Scientific classification
- Kingdom: Plantae
- Clade: Embryophytes
- Clade: Tracheophytes
- Clade: Spermatophytes
- Clade: Angiosperms
- Clade: Eudicots
- Clade: Asterids
- Order: Ericales
- Family: Ericaceae
- Genus: Vaccinium
- Subgenus: Vaccinium subg. Oxycoccus
- Species: V. macrocarpon
- Binomial name: Vaccinium macrocarpon Aiton 1789
- Synonyms: Synonymy Vaccinium oxycoccos var. oblongifolium Michx. ; Schollera macrocarpos (Aiton) Britton ; Oxycoca macrocarpa (Aiton) Raf. ; Oxycoccus macrocarpos (Aiton) Pers. ; Oxycoccus macrocarpus (Aiton) Pers. ; Oxycoccus palustris var. macrocarpos (Aiton) Pers. ; Schollera macrocarpa (Aiton) Steud. ; Vaccinium propinquum Salisb. ;

= Vaccinium macrocarpon =

- Authority: Aiton 1789
- Conservation status: LC

Species of aquatic plant

Vaccinium macrocarpon, also called large cranberry, American cranberry and bearberry, is a North American species of cranberry.

==Description==

Vaccinium macrocarpon is a perennial shrub, often ascending (trailing along the surface of the ground for some distance but then curving upwards).

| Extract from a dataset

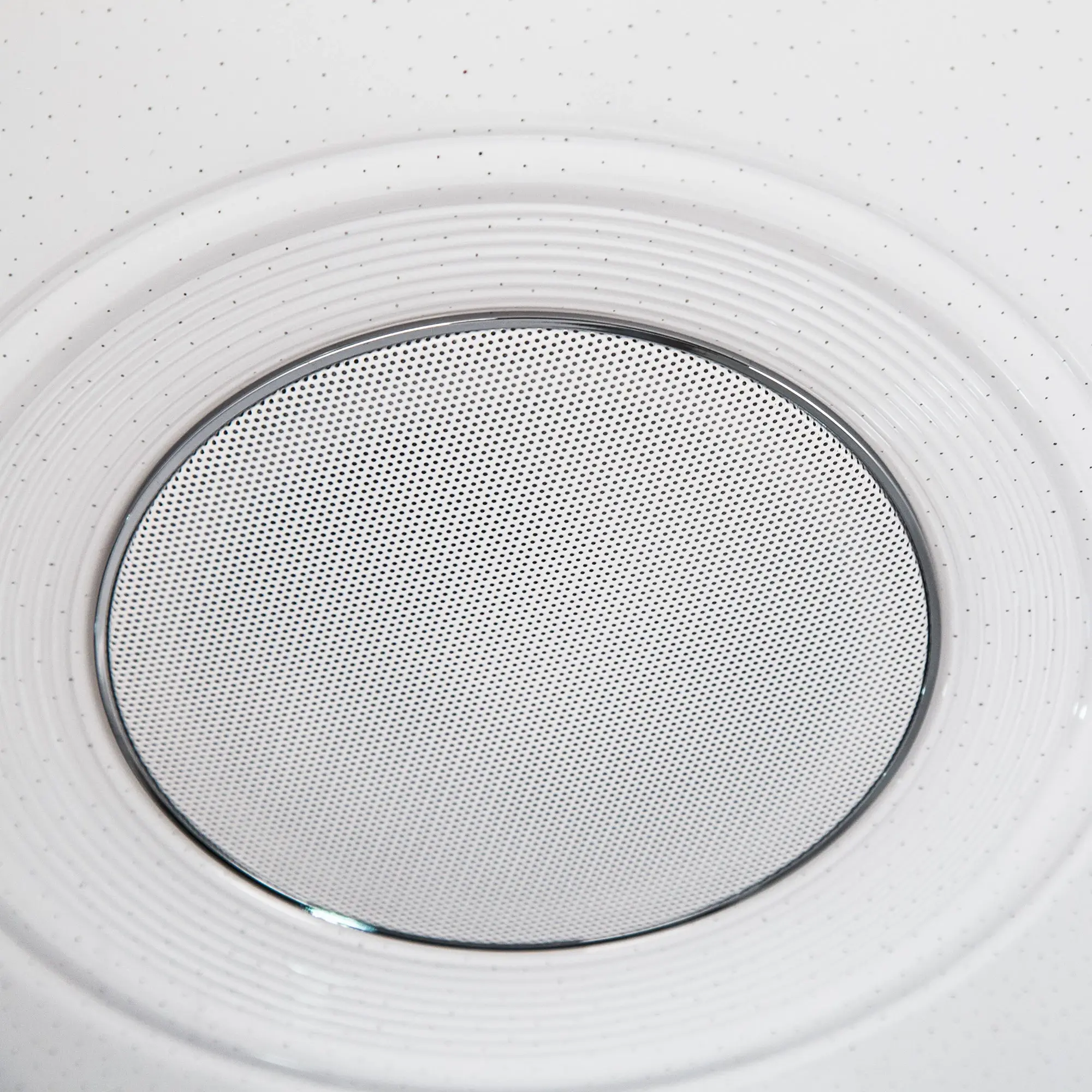 Музыкальный светильник коллекции Citilux Light & Music на 100 ватт разработан и произведён нами по вашим просьбам специально для помещений площадью более 18 квадратных метров. Площадь освещения на максимальной яркости до 25 квадратных метров. Помимо увеличенной яркости и большего размера относительно предыдущей версии светильника, громче звук, ярче RGB-подсветка. В качестве эксперимента добавлена элегантная тонкая хромовая полоска на краю плафона, которая идеально сочетается с центральным таким же изящным кольцом. Плафон с эффектом хрустально блеска будет эффектно смотреться в Вашем дизайне, привлекая взгляд. Данный светильник многофункциональная система, которой можно управлять тремя основными способами – обычным настенным выключателем, пультом управления и приложением со смартфона. С настенного выключателя доступны три режима, два из которых Вы можете перепрограммировать так, как это нужно. Первые два режима включения с выключателя можно запомнить на кнопки памяти на пульте управления M1 и M2. Третье включение по умолчанию выставлено в ночник. При управлении с пульта легко управлять настройками света, или переключить управление на музыку. С пульта можно включить следующую/предыдущую мелодию, уменьшить или увеличить звук, поставить проигрывание на паузу. Мобильное приложение доступно для скачивания в Play Market и AppStore. Приложение разрабатывалось нашей компанией полностью с ноля, все детали продуманы, управление интуитивно понятно. Стоит упомянуть несколько функций, доступных только тут: это эквалайзер с очень тонкими настройками звука, будильник, и режим «диско». Будильник шикарно продуман с точки зрения функционала, может разбудить Вас любимой мелодией, мелодией с включением света на определённую яркость, либо только включением света. А с помощью режима «Диско» вы с лёгкостью организуете дома весёлую дискотеку. Для воспроизведения доступна не только музыка, абсолютно всё, что у вас включается на телефоне, можно включить и для проигрывания со светильника, то есть, это могут быть и аудио уроки английского, сказка на ночь, просто аудио книга. Учитывая широчайший спектр функциональных возможностей, музыкальная люстра Citilux подойдёт для всех возвратных категории и с лёгкостью впишется в любое по типу помещение. Особенности установки сопряжения: Обязательно (!) сначала установите сопряжение Bluetooth в системных настройках смартфона, а только потом открывайте приложение. В противном случае полностью выгрузите приложение (закройте и удалите из недавних), удалите светильник из списка сопряженных в настройках Bluetooth и повторно выполните установку сопряжения. После этих действий можно снова запускать приложение. Для правильной установки сопряжения руководствуйтесь пунктом 6.2 прилагаемой инструкции.

The leaf blades are abaxially glaucous and green adaxially. The leaf blades are 1-2 cm long, narrowly elliptic to elliptic, and in rare cases oblong.

The pedicels are nodding and slender, measuring 2 to 3 cm. It produces white or pink flowers with four petals, followed by sour-tasting red or pink berries 9–14 mm across.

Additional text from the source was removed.